A few months ago, my friend Tracy and I decided to mortgage our homes and take our children to see Matilda at the Kennedy Center. We had fantastic seats, which turns out was an even better choice than I initially thought. Prior to entering the theater, there was a warning, mentioning that in Matilda - people talk loudly and in strange accents, and perhaps the audience-goer might like to check out the Kennedy Center's assisted listening devices. They also had printed out sheets with the lyrics to several songs (which were useless because the theater is dark - and though I thought about lighting Helen's sheet with my phone, I decided this was just too gauche).

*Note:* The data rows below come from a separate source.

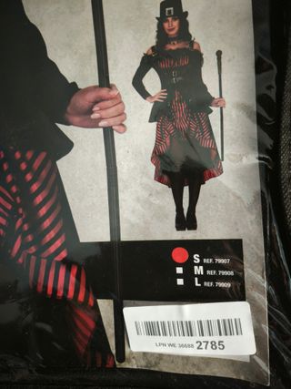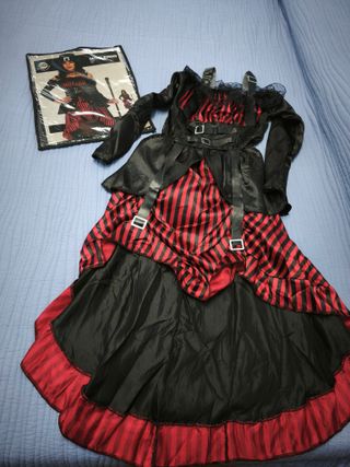 Disfraz de estilo Steampunk para mujer. También sirve para temática gótica. Tiene un tejido ligero y es muy cómodo. - Diseño de rayas rojas y negras. - Detalles con hebillas y cinturones. - Cinturilla elástica. - Falda con volantes. - Marca: FIESTAS GUIRCA - Fabricado en España SOLO INCLUYE EL VESTIDO. En perfecto estado. Utilizado solamente 1 vez. Va en su embalaje original. HAGO ENTREGAS EN PERSONA, PERO TAMBIÉN ENVÍOS POR WALLAPOP.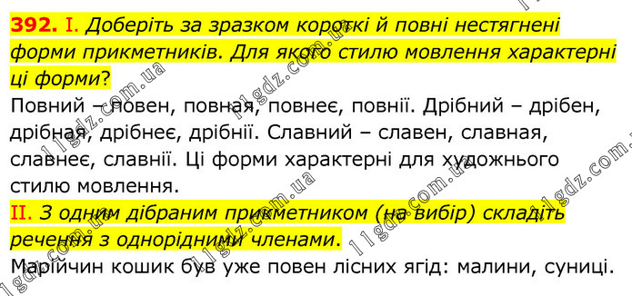 І. Доберіть за зразком короткі й повні нестягнені форми прикметників. Для якого стилю мовлення характерні ці форми? Повний – повен, повная, повнеє, повнії. Дрібний – дрібен, дрібная, дрібнеє, дрібнії. Славний – славен, славная, славнеє, славнії. Ці форми характерні для художнього стилю мовлення. ІІ. З одним дібраним прикметником (на вибір) складіть речення з однорідними членами. Марійчин кошик був уже повен лісних ягід: малини, суниці.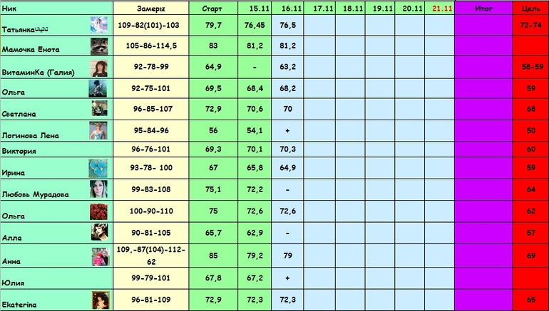 Я на 2 дня выпала из системы, да и так, даже отчёт вчера не смогла отправить - позавчера собиралась в дорогу, убиралась, вчера 12 часов в дороге, уехала из города к своим родителям, пока тепло, да и мужа все равно до НГ не будет. Весы с собой взяла - 71.6! А питалась как попало( С сегодня снова в строю худеющих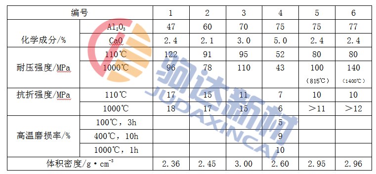 耐磨耐火澆注料的性能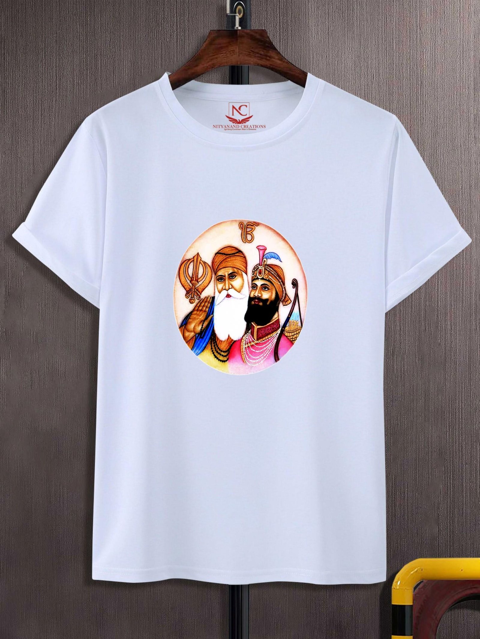 At the heart of this white T-shirt is a striking graphic of Guru Nanak Dev Ji, depicted with serene and dignified detail. The artwork embodies the wisdom and tranquility of the revered Guru, featuring intricate elements that reflect his spiritual legacy. The graphic is rendered in rich, vibrant colors that stand out beautifully against the crisp white fabric, creating a visually captivating representation of Guru Nanak’s divine presence. This design is not merely decorative but serves as a visual homage to his teachings of equality, compassion, and devotion.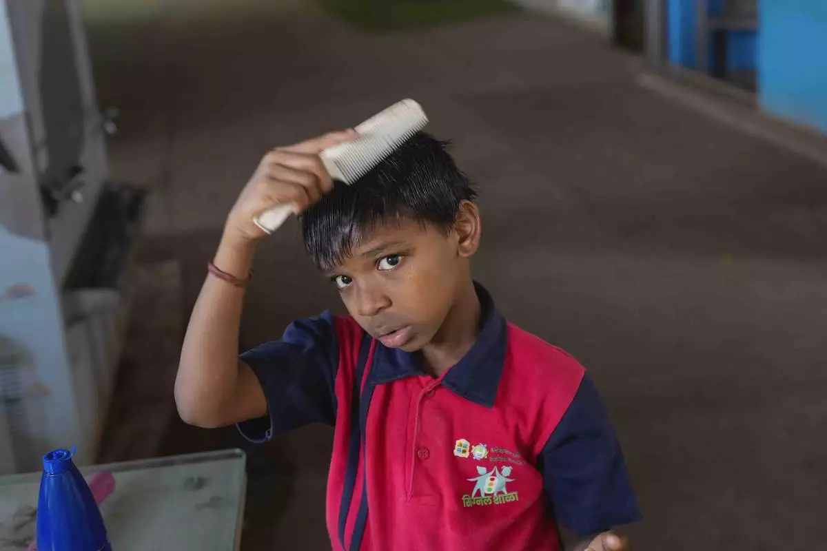 Yash Ganesh Gayakwad, 9, combs his hair after a shower at the Signal Shala school in Thane near Mumbai, India, April 5, 2025. (AP Photo/Rafiq Maqbool)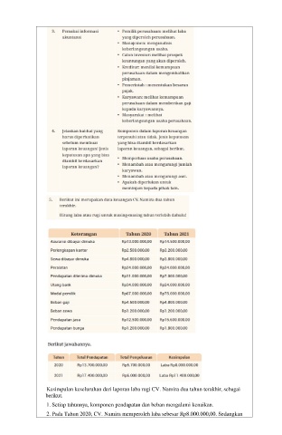 Kesimpulan keseluruhan dari laporan laba rugi CV. Namira dua tahun terakhir, sebagai berikut. 1. Setiap tahunnya, komponen pendapatan dan beban mengalami kenaikan. 2. Pada Tahun 2020, CV. Namira memperoleh laba sebesar Rp8.000.000,00. Sedangkan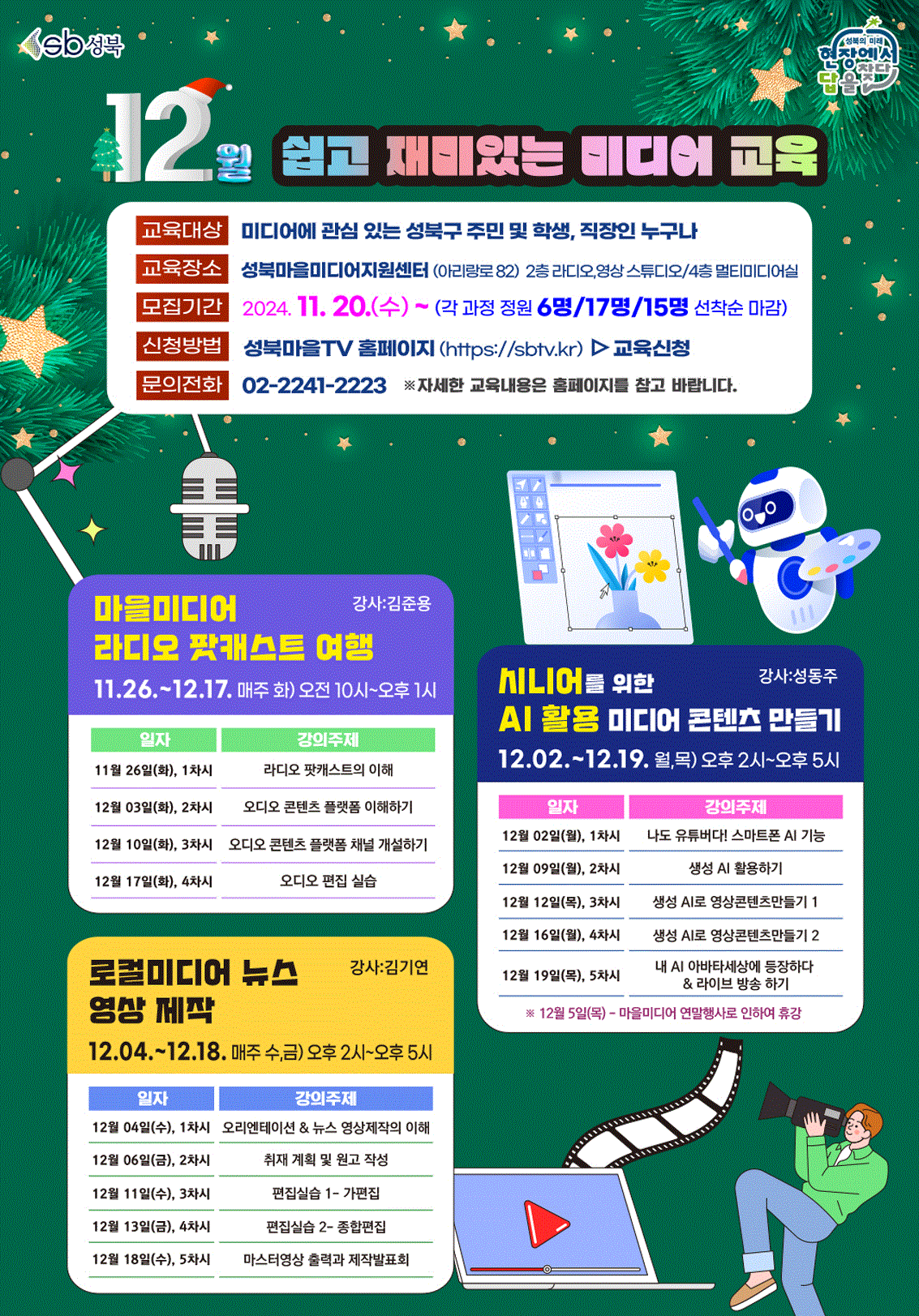 교육장소 : 2층 영상 스튜디오, 4층 멀티미디어실

I later learned, that the Washington Post reviewer had this to say about the acoustics of Matilda:
"... the hall’s sound system or acoustics are so atrocious that they have the capability of transforming merrily expectant theatergoers into embittered Scrooges. I know that I am not alone in my belief that the biggest of the Kennedy Center’s performance spaces needs a thorough rethinking on how it handles large-ensemble musicals, because virtually every time one materializes there, I receive emails from people who have emptied their wallets for the show, only to discover they’ve paid to hear half the lyrics — at best."

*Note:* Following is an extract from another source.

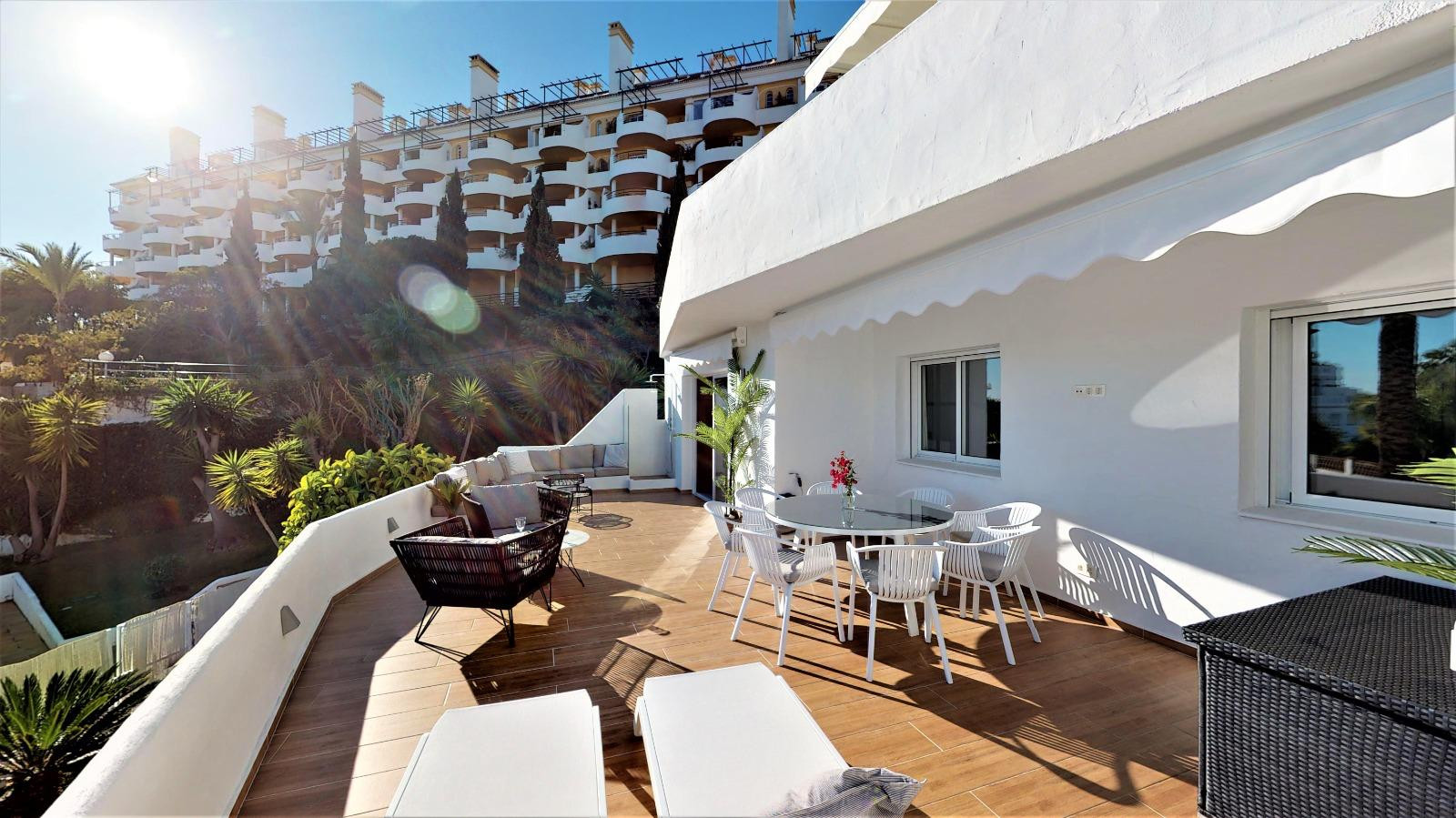 The property features a spacious 47 m² terrace with pleasant views of the urban surroundings, including a glimpse of the iconic La Concha mountain. Renovated to a high standard, the apartment comprises three bedrooms, two modern bathrooms, and a generous terrace equipped with an outdoor shower and barbecue area—ideal for entertaining.

Thankfully, we could hear just fine.
And oh, wow, was it amazing. There is something different about a first-run touring cast. It was as good as Broadway. I was in heaven. A few days before the show, I had pulled out a few songbooks and Helen and I had been crooning away. I'm looking forward to getting a copy of the score for this show so we can enjoy some more time with the piano.
It's been awhile since we made it to a full-length musical, and though Connor was once my willing theater buddy, it's not his first choice activity these days. But he didn't want to miss out on this experience, and I was delighted to take my seat between both of my children.